**Try it**
The material below includes pictures; leave them out and return only the lines between the line containing "Młoda blogerka rejestrująca" and the line containing "Ex. SP-150产品减额", inclusive, word for word.

Start of Records shown

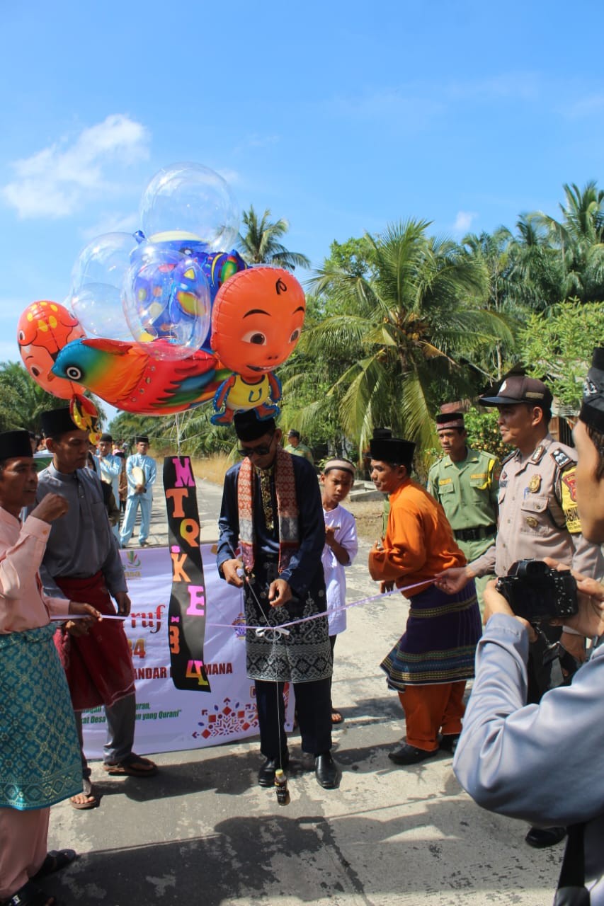 Selanjutnya, Kades Khairil memotong pita melepaskan balon terbang kelangit biru tenggayun, menandakan pawai taaruf resmi dilepas.
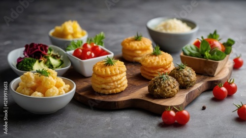 Assortment of Exquisite Gourmet Food on Rustic Wooden Board Featuring a Variety of Delicious Appetizers on Gray Table Surface
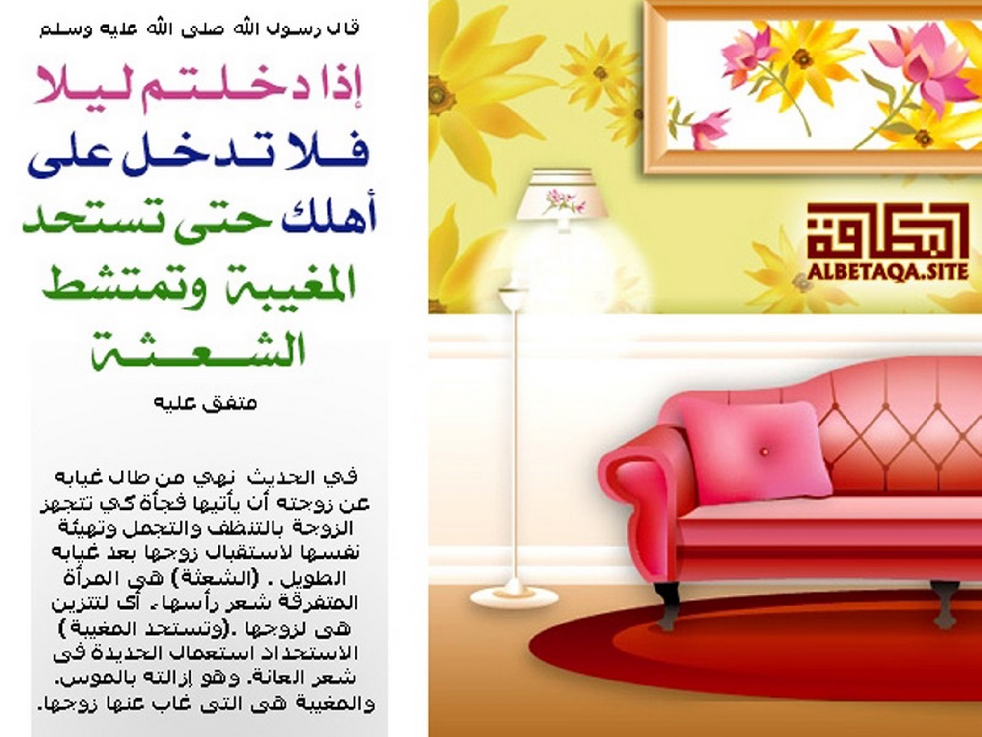 (إذا دخلتم ليلا فلا تدخل على أهلك حتى تستحد المغيبة وتمتشط الشعثة). متفق عليه
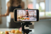 Młoda blogerka rejestrująca treści wideo na temat prawidłowego odżywiania i dietetyki. Vlogging i koncepcja zdrowego stylu życia.
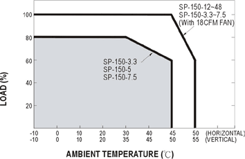 Ex. SP-150产品减额曲线,一般横置/立式的应用环境温度差5°C,而有强制散热/自然散热差20%输出功率。
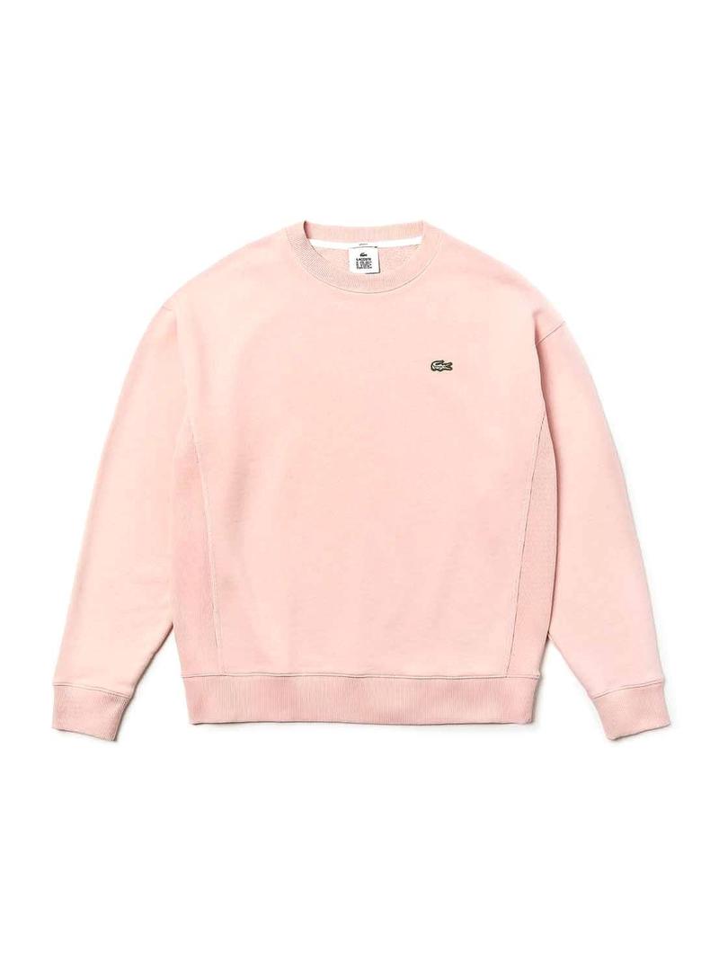 Sweat Lacoste Live. Unissex Cor rosa. Decote redondo. Corte folgado. Painéis corrugados nas laterais. Crocodilo bordado no peito. Manga comprida.
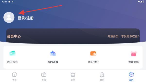 2、在個(gè)人中心頁(yè)面,用戶(hù)需點(diǎn)擊左上角的登錄/注冊(cè)的按鈕。
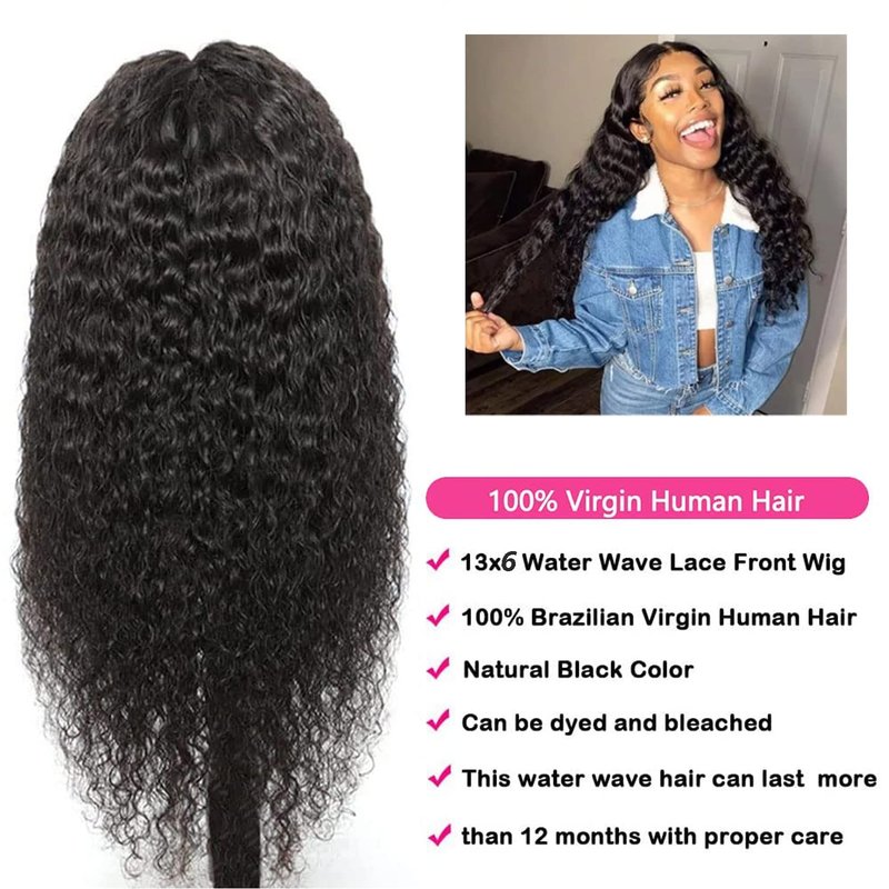 13x6 HD Transparent Deep Wave Lace Front Wigs Curly Human Hair Wigs for Women Glueless Brazilian Curly Lace Frontal Wigs Human Hair Pre Plucked With Baby Hair Natural Black 180% Density(26inch)
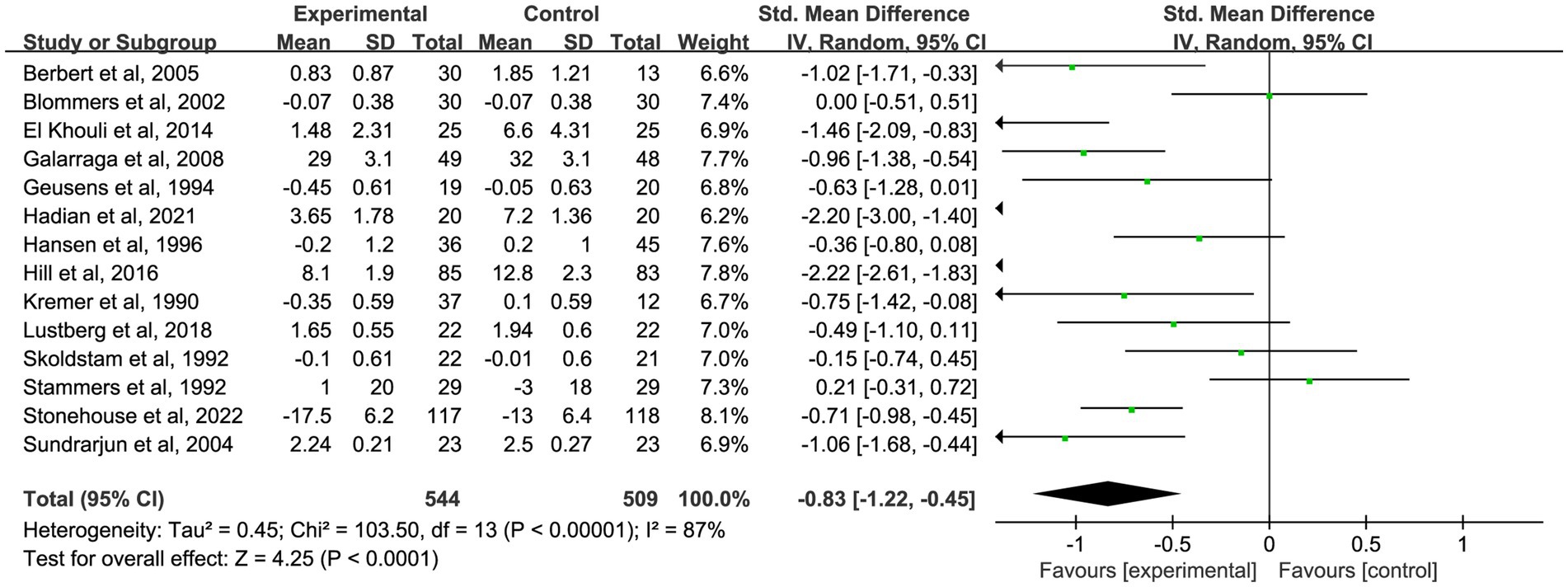 Forest plot displaying a meta-analysis of 13 studies, showing standardized mean differences with 95% confidence intervals. Individual studies are listed with corresponding statistical data, including mean, standard deviation, and sample size. The plot visualizes the overall effect size as a diamond shape, favoring the experimental group with an effect size of -0.83 and a confidence interval from -1.22 to -0.45. Heterogeneity is indicated by Tau-squared equal to 0.45 and I-squared equal to 87%.

End of Records shown

**Output for this exercise**
 Młoda blogerka rejestrująca treści wideo na temat prawidłowego odżywiania i dietetyki. Vlogging i koncepcja zdrowego stylu życia.
 Ex. SP-150产品减额曲线,一般横置/立式的应用环境温度差5°C,而有强制散热/自然散热差20%输出功率。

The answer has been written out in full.